> _Work instructions_:
Without any pictures, retype exactly the lines that begin at the one holding "Teunisbloem, is een" and end at the last line of the data below.

> _Records drawn from a dataset_:
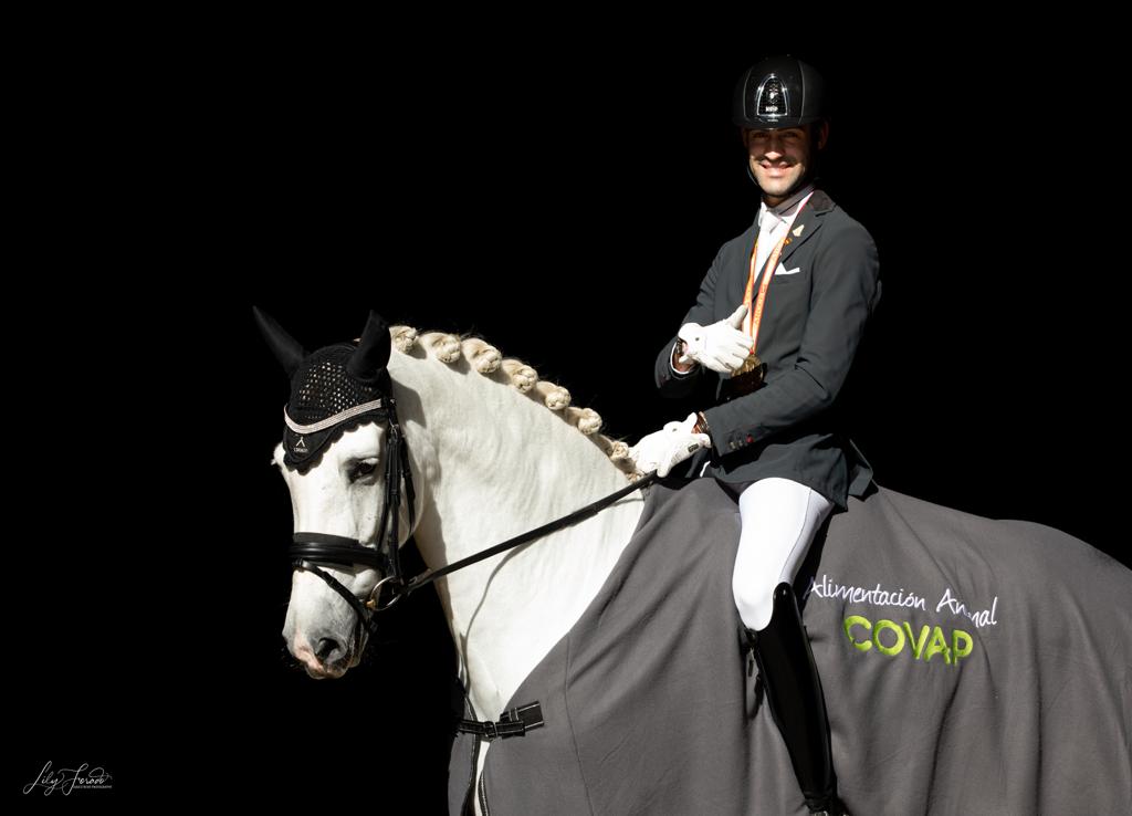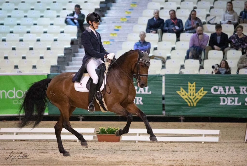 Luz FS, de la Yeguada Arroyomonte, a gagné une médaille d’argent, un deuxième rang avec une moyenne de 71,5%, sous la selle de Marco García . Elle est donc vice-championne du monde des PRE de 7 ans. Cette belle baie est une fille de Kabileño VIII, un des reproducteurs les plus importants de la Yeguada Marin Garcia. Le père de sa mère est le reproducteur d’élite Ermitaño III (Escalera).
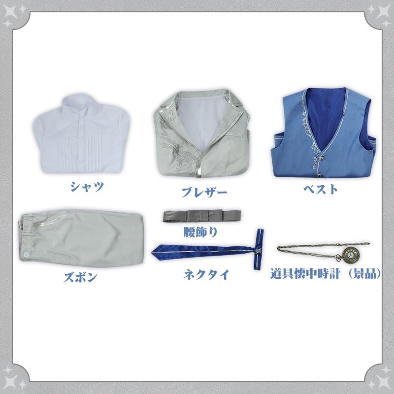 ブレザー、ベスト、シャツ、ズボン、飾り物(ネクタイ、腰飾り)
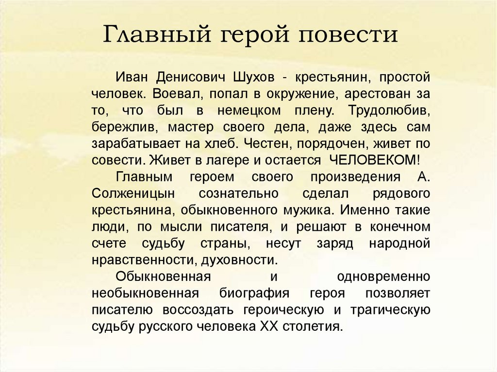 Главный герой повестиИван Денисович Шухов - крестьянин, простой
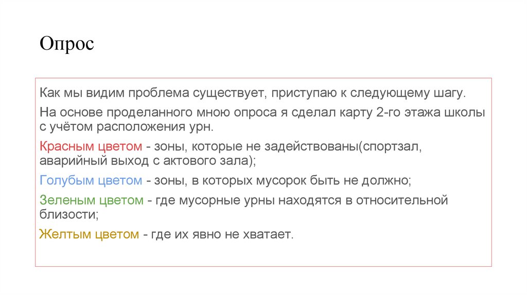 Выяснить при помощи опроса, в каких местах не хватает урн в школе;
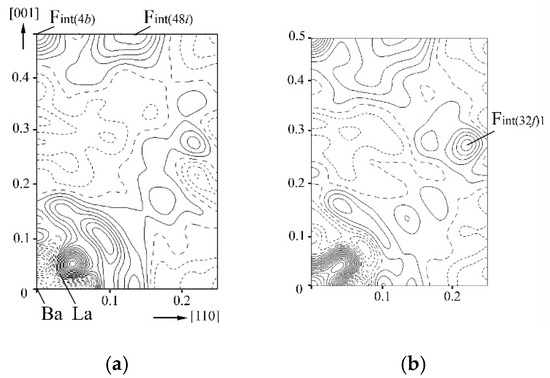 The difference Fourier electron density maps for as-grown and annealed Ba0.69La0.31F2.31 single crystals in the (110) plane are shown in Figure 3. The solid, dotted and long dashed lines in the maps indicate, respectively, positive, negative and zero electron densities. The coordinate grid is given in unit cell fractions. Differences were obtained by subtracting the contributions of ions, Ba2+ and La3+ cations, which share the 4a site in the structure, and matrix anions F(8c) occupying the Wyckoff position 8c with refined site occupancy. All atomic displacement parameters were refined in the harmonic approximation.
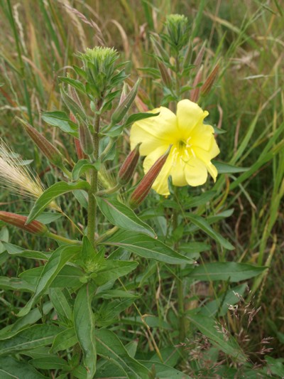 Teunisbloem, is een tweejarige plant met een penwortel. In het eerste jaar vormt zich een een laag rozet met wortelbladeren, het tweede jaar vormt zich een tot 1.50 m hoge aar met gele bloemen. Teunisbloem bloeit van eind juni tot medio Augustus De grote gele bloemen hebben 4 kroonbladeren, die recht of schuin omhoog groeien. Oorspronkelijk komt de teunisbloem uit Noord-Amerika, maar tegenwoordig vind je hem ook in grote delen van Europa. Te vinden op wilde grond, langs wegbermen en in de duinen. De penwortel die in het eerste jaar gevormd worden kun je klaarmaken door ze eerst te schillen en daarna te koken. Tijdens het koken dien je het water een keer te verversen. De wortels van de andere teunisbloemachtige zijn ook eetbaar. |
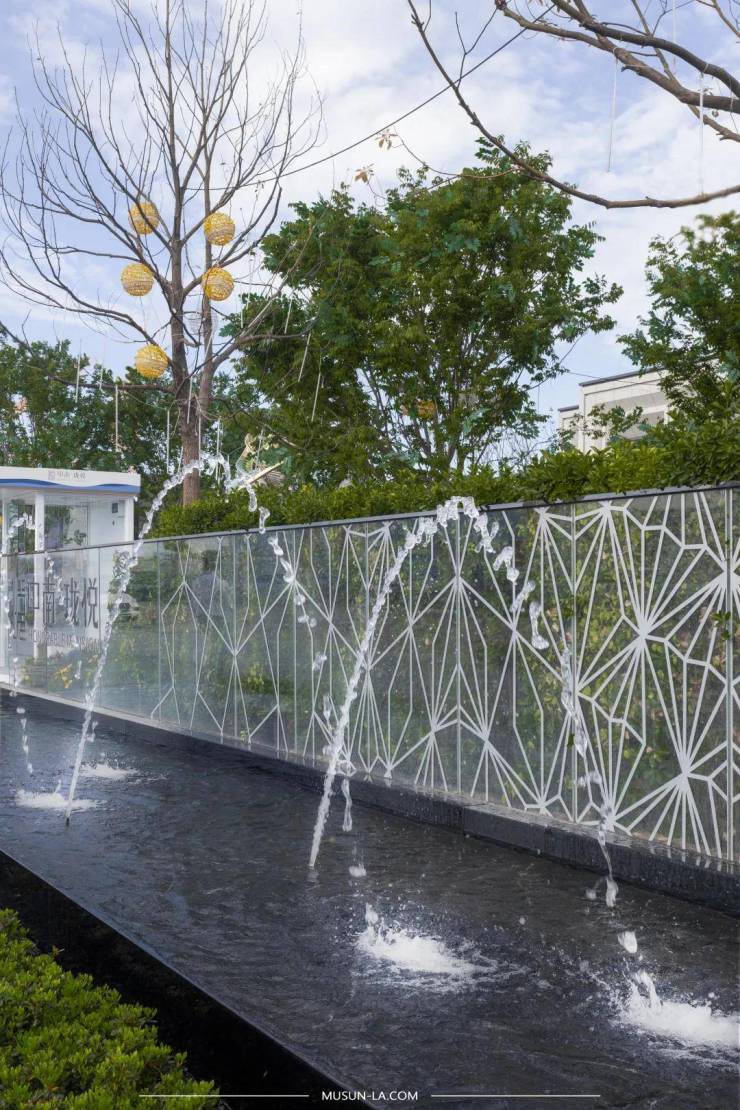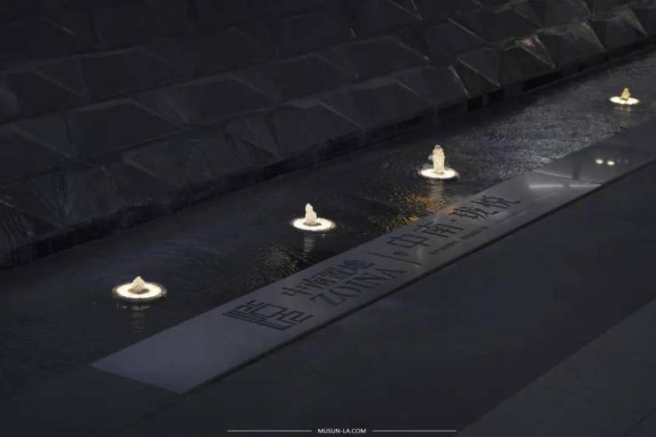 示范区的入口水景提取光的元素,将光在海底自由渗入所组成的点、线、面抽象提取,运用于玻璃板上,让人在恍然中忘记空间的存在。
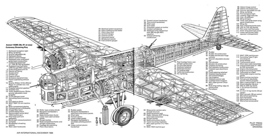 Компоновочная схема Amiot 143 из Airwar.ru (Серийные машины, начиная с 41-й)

> _Written answer_:
 Teunisbloem, is een tweejarige plant met een penwortel. In het eerste jaar vormt zich een een laag rozet met wortelbladeren, het tweede jaar vormt zich een tot 1.50 m hoge aar met gele bloemen. Teunisbloem bloeit van eind juni tot medio Augustus De grote gele bloemen hebben 4 kroonbladeren, die recht of schuin omhoog groeien. Oorspronkelijk komt de teunisbloem uit Noord-Amerika, maar tegenwoordig vind je hem ook in grote delen van Europa. Te vinden op wilde grond, langs wegbermen en in de duinen. De penwortel die in het eerste jaar gevormd worden kun je klaarmaken door ze eerst te schillen en daarna te koken. Tijdens het koken dien je het water een keer te verversen. De wortels van de andere teunisbloemachtige zijn ook eetbaar. |
 示范区的入口水景提取光的元素,将光在海底自由渗入所组成的点、线、面抽象提取,运用于玻璃板上,让人在恍然中忘记空间的存在。
 Компоновочная схема Amiot 143 из Airwar.ru (Серийные машины, начиная с 41-й)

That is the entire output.